Io adesso sto realizzando il terzo capitolo di Terra Mala in Veneto, sto “scandagliando lo scandalo”, scusa il gioco di parole, dell’inquinamento dell’acqua che è una cosa incredibile. Ormai sono sei, sette mesi che vado in Veneto per cercare di raccontare questa storia. Mentre dal punto di vista internazionale sto lavorando a un progetto sui “Virus Hunters”, cacciatori di virus, per cui dovrò andare in Africa almeno un paio di volte, ma è abbastanza in fieri, sto ancora cercando dei contatti.


Stefano Schirato nasce a Bologna nel 1974, dove si laurea in Scienze Politiche.
Lavora come fotografo freelance con un attento interesse sui temi sociali da più di 20 anni.

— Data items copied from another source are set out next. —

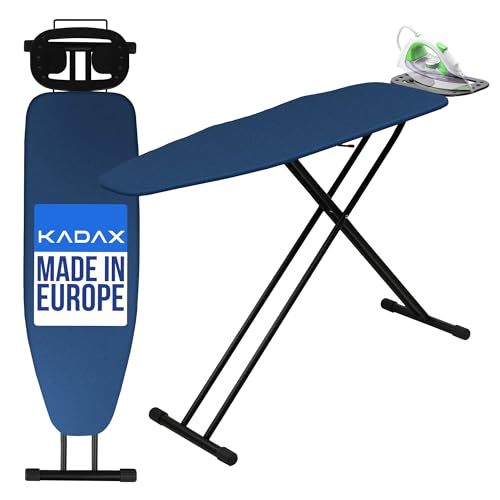 KADAX Strykbräda, 120 x 38 cm fällbart strykbord, höj- och sänkbart ångstrykbord, ångstrykbräda med halkfria fötter, bord med 8 mm skumunderlag (mörkblå)
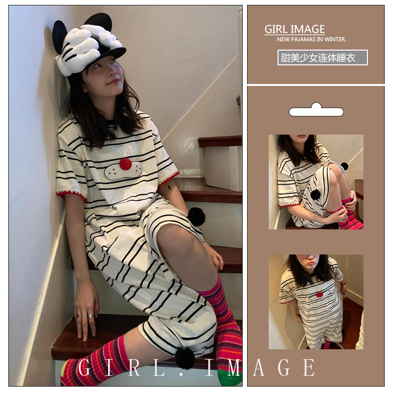 만화 멋진 고양이 줄무늬 나이트 드레스 여름 여성의 한 몸 반팔 면화 잠옷 느슨한 플러스 사이즈 홈 웨어
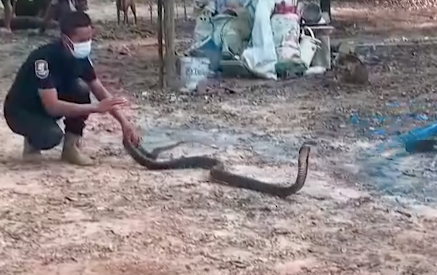 จากการสอบถามนายเชาวลิต ช่างก่อสร้าง บอกว่าตนกำลังจะเข้าไปขนย้ายกระสอบทรายไปผสมปูนก่อสร้าง ขณะที่เอื้อมมือจะยกกระสอบ บังเอิญเหลือบไปเห็นงูจงอางก่อน จึงรีบชักมือกลับและรีบโทรแจ้งเจ้าหน้าที่ให้มาช่วยจับงู ขณะที่สิบเอกณัฐพล เผยว่าที่พบงูจงอางเลื้อยเข้ามาซ่อนตัวในบ้าน หลักๆ เกิดจากหนีอากาศหนาวเข้ามาหาที่อุ่นซ่อนตัว หรือเพื่อหาคู่ หรือตามล่างูชนิดอื่นที่เป็นอาหาร โดยภาพการจับงูด้วยมือเปล่าตามสื่อต่างๆ ขึ้นอยู่กับความยากง่ายในแต่ละพื้นที่ ซึ่งทีมงานทุกคนจะใช้ความรู้ ความสามารถ ทักษะและประสบการณ์จากหน้างานต่างๆ มาแก้ไขและเลือกวิธีจับที่เหมาะสม ตลอดจนมีความปลอดภัยที่สุด ไม่แนะนำให้ลอกเลียนแบบโดยเด็ดขาด .-สำนักข่าวไทย
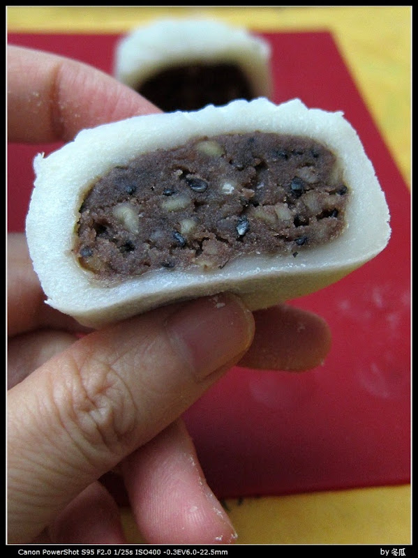 但我犯了一个极其xxoo的错误…因为家里从来不买牛奶, 所以习惯性地拿heavy cream替代了. 但是这玩意基本全是fat, 然后我蒸的时间长了点, 最后出锅一看, 好似蒸出了一团浸在油中的蜂窝状发糕. 那些油不知肿么的好像都析出来了, 即使把碗里的油全部逼掉, 最后弄出来的面团也是油光噌亮, 完全没有粘手的问题, 还几乎捏不拢@_@ 好在包好后再扑点糕粉似乎就正常了, 刚才冷藏了一阵战战兢兢拿出来吃了一个味道也很正常, 皮尤其好吃.

Collabora con diverse riviste, associazioni e ONG quali Emergency, Caritas Internationalis, AVSI, ICMC, con le quali ha partecipato a progetti sui diritti umani, crisi dei rifugiati e immigrazione clandestina.
Il suo lavoro è stato pubblicato dal New York Times, CNN, Newsweek Japan, Al-Jazeera, Vanity Fair, Le Figaro, Geo International, Burnmagazine, National Geographic, L’Espresso.
Ha diversi progetti in corso in Russia, Europa dell’Est, Africa ed India.
Dal 2014 insegna fotogiornalismo per la scuola Mood Photography, di cui è socio fondatore. Insegna fotografia anche alla Leica Akademie.